[WHAT NEEDS TO BE DONE]: In the data below, find the line containing "Last week, Ricochet" and the line containing "10 цен на Светильник", then reproduce them and every line between, exactly. Omit pictures.

[INFORMATION GIVEN]:
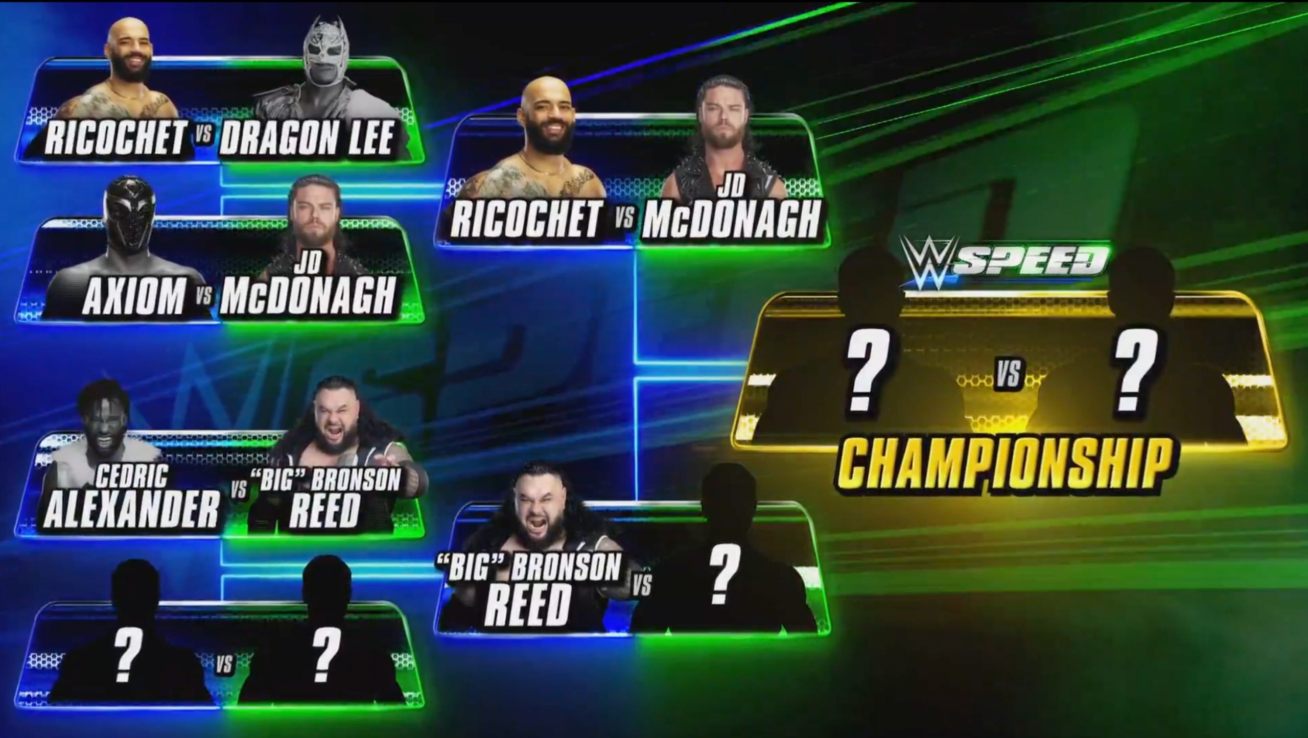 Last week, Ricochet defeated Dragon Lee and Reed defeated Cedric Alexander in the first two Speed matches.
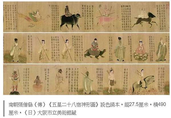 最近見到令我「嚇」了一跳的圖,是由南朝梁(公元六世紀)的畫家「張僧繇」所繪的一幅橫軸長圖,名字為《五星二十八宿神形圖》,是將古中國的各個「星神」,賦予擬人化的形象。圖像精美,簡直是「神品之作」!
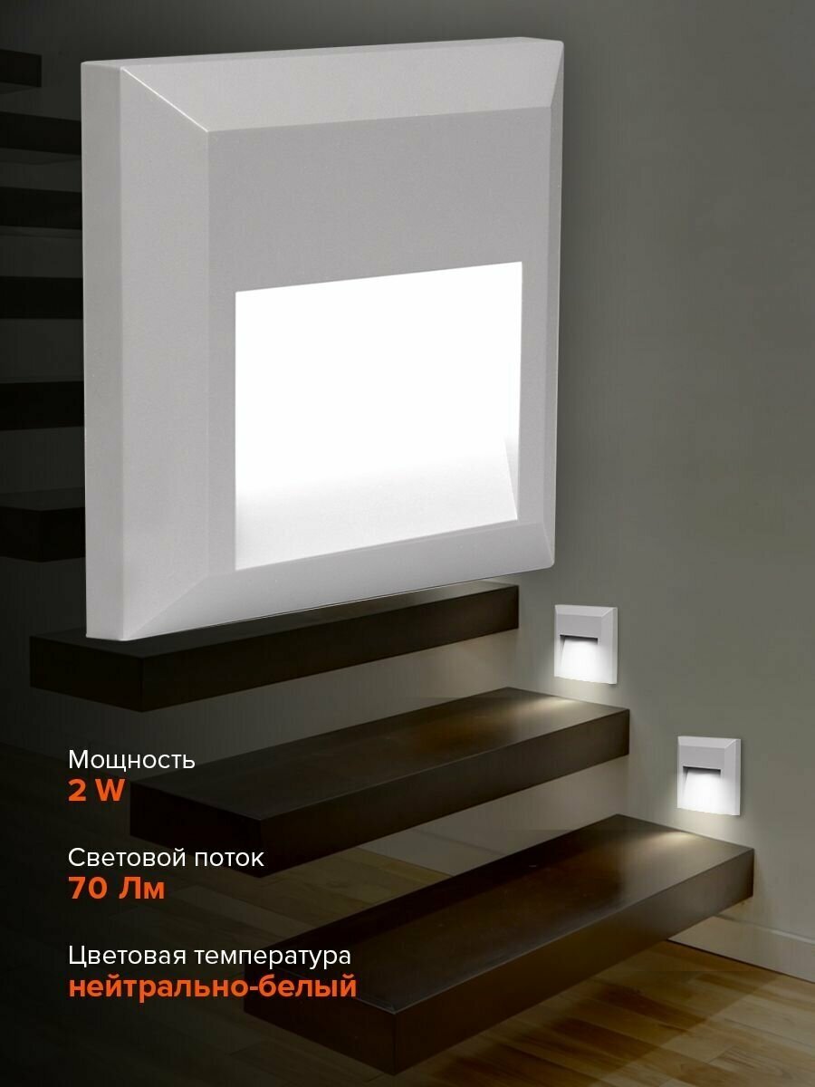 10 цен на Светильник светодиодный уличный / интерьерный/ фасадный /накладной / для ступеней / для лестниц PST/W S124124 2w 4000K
==
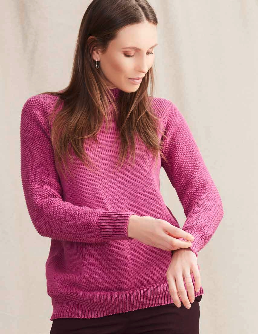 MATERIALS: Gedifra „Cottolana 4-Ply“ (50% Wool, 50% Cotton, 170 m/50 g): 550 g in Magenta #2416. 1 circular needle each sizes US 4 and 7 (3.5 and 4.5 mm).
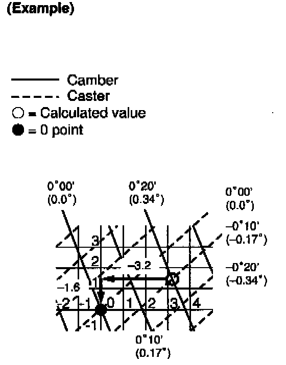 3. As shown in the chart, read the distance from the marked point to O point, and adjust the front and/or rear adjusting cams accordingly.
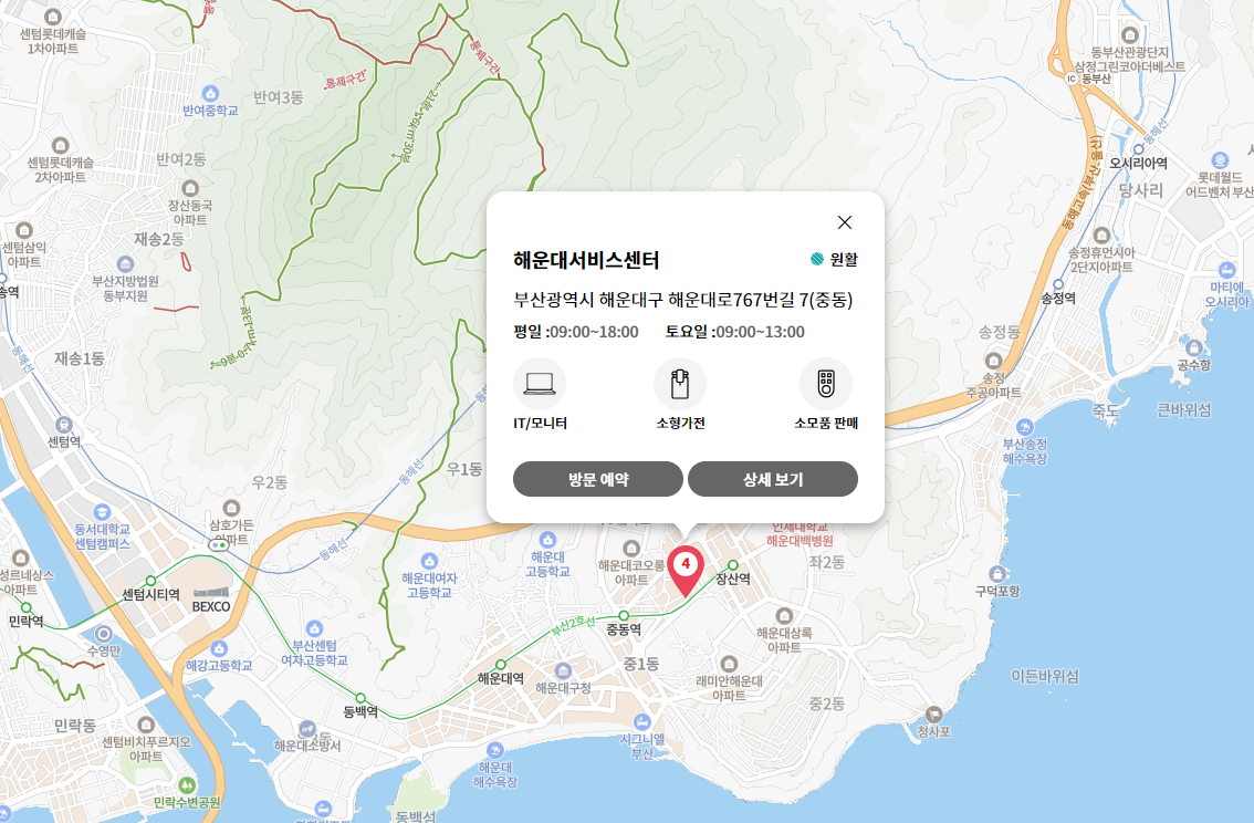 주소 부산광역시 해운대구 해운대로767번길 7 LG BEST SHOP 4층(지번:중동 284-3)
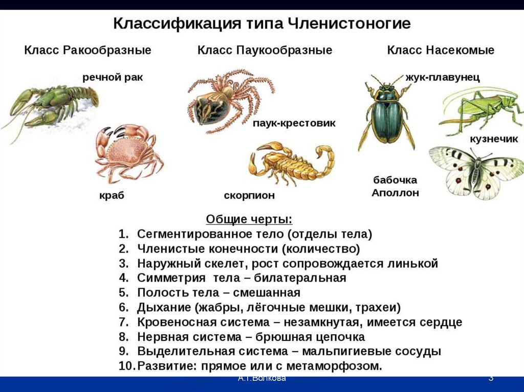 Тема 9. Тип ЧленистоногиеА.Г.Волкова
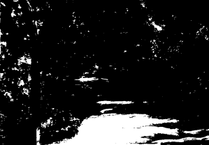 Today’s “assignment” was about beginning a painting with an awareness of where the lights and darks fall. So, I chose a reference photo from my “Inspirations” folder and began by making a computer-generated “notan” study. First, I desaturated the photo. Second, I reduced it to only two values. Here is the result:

[TASK ANSWER]:
 Last week, Ricochet defeated Dragon Lee and Reed defeated Cedric Alexander in the first two Speed matches.
 最近見到令我「嚇」了一跳的圖,是由南朝梁(公元六世紀)的畫家「張僧繇」所繪的一幅橫軸長圖,名字為《五星二十八宿神形圖》,是將古中國的各個「星神」,賦予擬人化的形象。圖像精美,簡直是「神品之作」!
 10 цен на Светильник светодиодный уличный / интерьерный/ фасадный /накладной / для ступеней / для лестниц PST/W S124124 2w 4000K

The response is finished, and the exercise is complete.